Ah, you’ve got $500,000 saved, you can cover it yourself, right?  Today, nursing home annual bills see $100,000 in the rear view mirror.  Assisted living in many cases is $60,000 a year and that is only the median bill, dementia care is much more.

If you recall the income tax deductions you got for putting money into the IRA, you might remember that withdrawals trigger the income tax now.  How much must you withdraw from an IRA so that you have $60,000 to spend after income taxes at the new “rich guy” tax bracket you just graduated into?

Surely you don’t want to leave your spouse with nothing if you need care first.  You might even have plans for some of the funds left over at death to benefit the grandchildren.

You could consider moving in with your children when care is needed.  I said consider, as their lives are way too busy to be able to provide the care you need.

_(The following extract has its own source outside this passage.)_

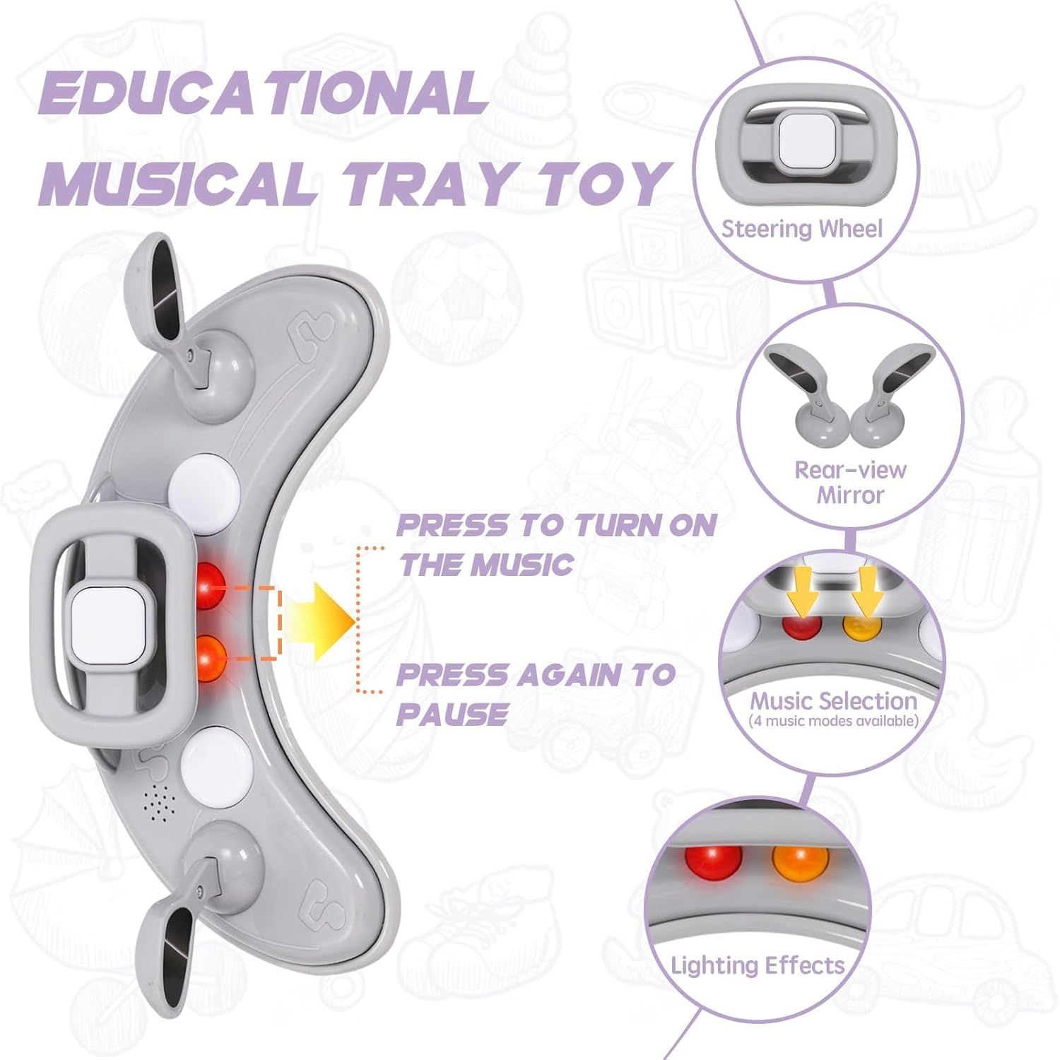 - 【Abnehmbares Spielpanel】Das abnehmbare Panel mit Lenkrad und Rückspiegel kann das Autofahren simulieren, damit das Baby spielen und lernen kann. Das Spielpanel verfügt ausserdem über verschiedene Musikstücke, die durch einmaliges Drücken der

I realize your financial planner is mainly focused on growing your investments.  That is his/her specialty.  My specialty is financing LTC, and I’ve been doing nothing else for 22 years now.  There are many strategies to do this, but the options available to healthy people in their fifties are the least expensive by a wide margin.

Have you considered investigating what you can do about this problem that 70% of us will face?  Or are you certain you will be in the 30% who never have to worry about it?